Lab Notebook – August 20, 2012


  • Digital books may not be for everyone. But for blind people, they’re a true revolution | Peter White | Comment is free | The Guardian 081712
    [I don’t agree with this blind reader about talking books (they are reading, too) but I’m down with scan-your-own!]
    Peter White: “It’s not perfect yet. Scanning books page by page is tedious; variations of type and print size can often produce equally variable results, which require skilful editing to make legible; and every time someone upgrades software or changes an operating system, you find yourself back at square one. With books being produced electronically as a matter of course, publishers, authors and agents could be much more helpful.

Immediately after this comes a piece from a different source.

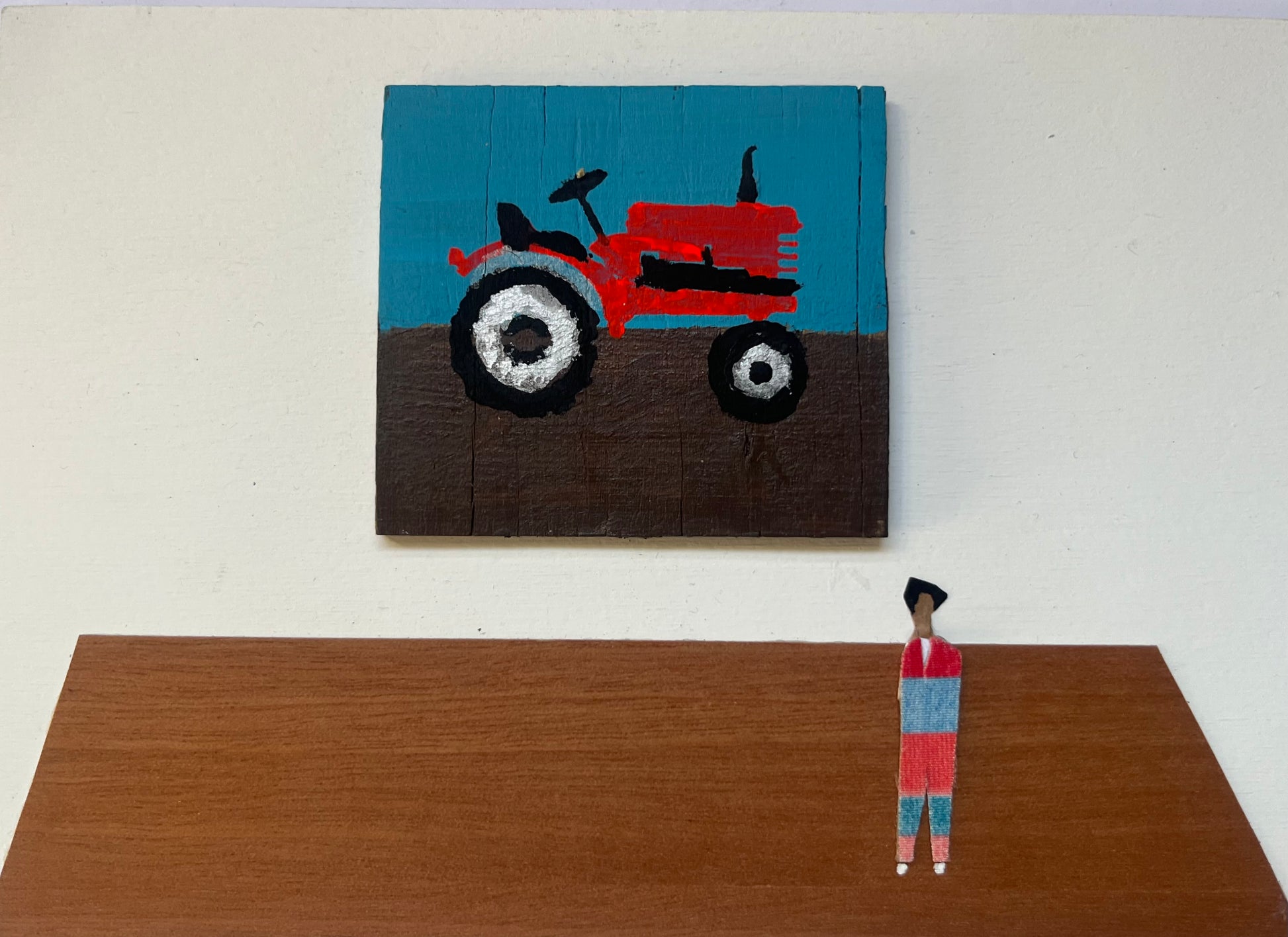 Acrylic and fabric/paper collage on wood 5x7 inches framed

Surely a way of making digital versions of books available to blind people prepared to pay for them, or borrow them under clearly defined conditions, could be devised without bringing down the publishing industry in an explosion of piracy? While we wait for the publishers and the blind organisations to get their fingers out, we blind readers take matters into our own hands, passing our scanned books quietly among ourselves like kids with drugs on street corners. But hey! For a few of us lucky enough to have the equipment, the money and the help, things are so much better today. Now it’s me who is able to take as many books on holiday as I like, all packed on those little cards, while my wife has to limit herself to three or four paperbacks. The days of War and Peace in 21 braille volumes, slipping the postman’s disc as he staggers up the path, are nearly over.”